Durbe Manor (Durbes pils, Herrenhaus Durben) is a Neoclassical manor house located in Tukums, in Tukums Municipality, in the Courland region of Latvia. One of the most interesting classical manor houses in Latvia. Today it houses part of the Tukums Museum collection.

== History ==
Durbe as was first mentioned in written sources as Šlokenbeka manor in 1475. The core of the current building dates from 1671. In 1820, Count Christoph Johann von Medem commissioned Johann Gottfried Adam Berlitz to remodel the façade completely.

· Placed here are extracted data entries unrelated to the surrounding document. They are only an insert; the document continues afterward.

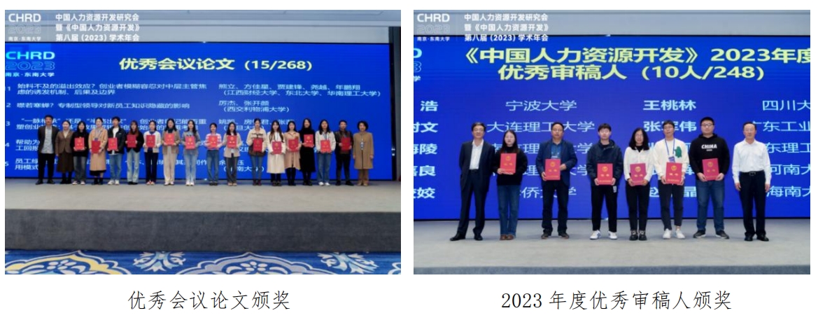 本次年会设立优秀会议论文奖,经过专家多轮匿名评审,本届论坛从268篇论文投稿中,共选出 15 篇优秀会议论文,由太阳集团tyc539吕鸿江教授等为15位优秀会议论文作者颁奖。同时,还评选出《中国人力资源开发》10名优秀审稿人和《中国人力资源开发》2022年度的5篇优秀论文。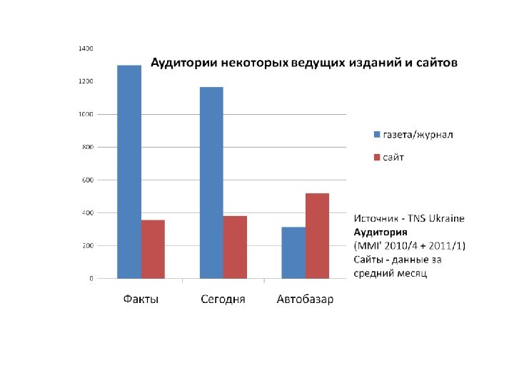 Кто нас читает? Исследование: MMI Украина 2010/3+4 База: население городов Украины 50 000+ в возрасте 12 -65 лет Самая рейтинговая ежедневная газета – 1 млн. 364 тыс. читателей* § 40 -65 лет (57%) § Жители Киева (21%), Запада (10%), Северо-Запада (6%), Юго-Запада (4%), Центра (9%), Севера (8%) § Средний слой (22%), Высший средний слой (11%) § Не представляют жизни без книг (33%) § Содержат кошку (30%) § Хотя бы раз в месяц работают на приусадебном участке (33%) § Не представляют жизни без автомобиля (13%) § Покупают лотерейные билеты (9%) *Усредненная аудитория одного номера издания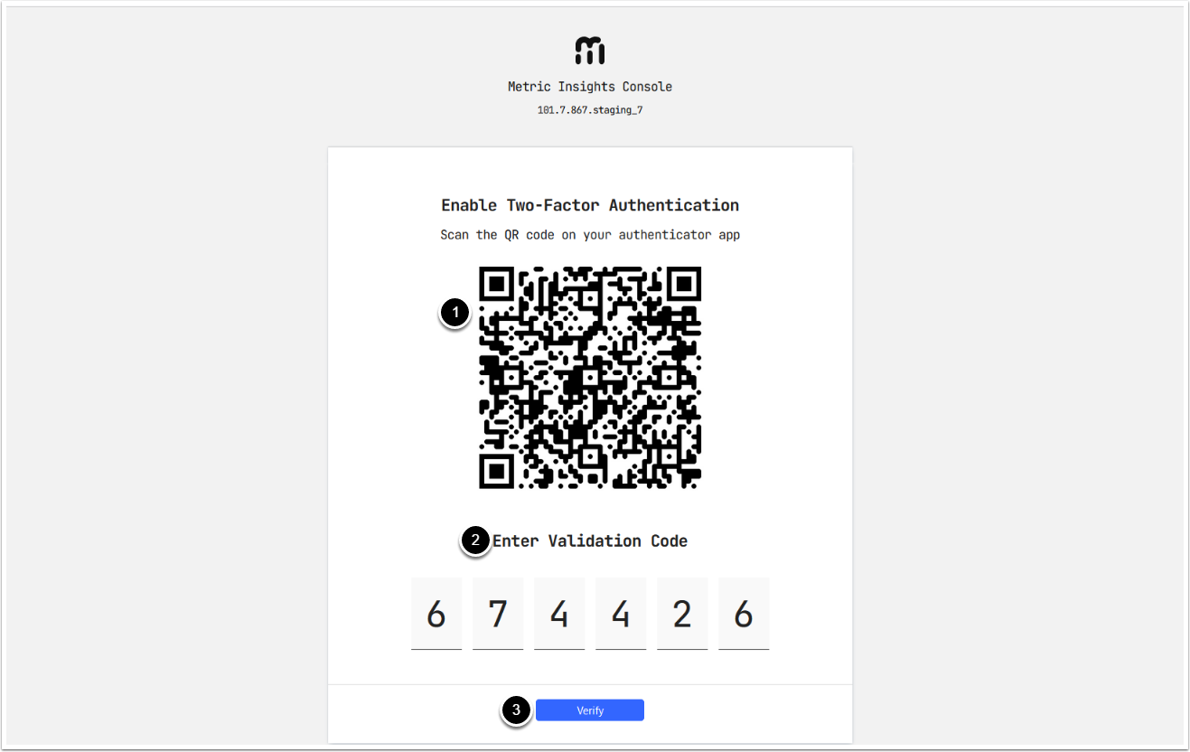 - Scan the QR code using your authentication app (e.g., Google Authenticator).- NOTE: 2FA is required for every action that changes the system's state or MI configuration. Information about these actions is stored in the Audit Log.

From 1789 to 1808, Ernst Karl Philip von Grothus used the property as a summerhouse. From 1818 to 1838 the estate belonged to Count Medem, while it later belonged to the Count of Jaunpils von der Recke. The family of Baron von der Recke owned the manor from the 1848 to 1920, when the agrarian reform began.

In 1923, Durbe manor was presented to famous Latvian writer and playwright Rainis, who owned it until his death in 1929. However, Rainis used to live there for only short periods and mostly used the manor as a vacation house for teachers and their families.
Later the manor was used as sanatorium for tubercular patients and as a hospital.
Since 1991, Durbe manor is a part of the Tukums city museum exhibition.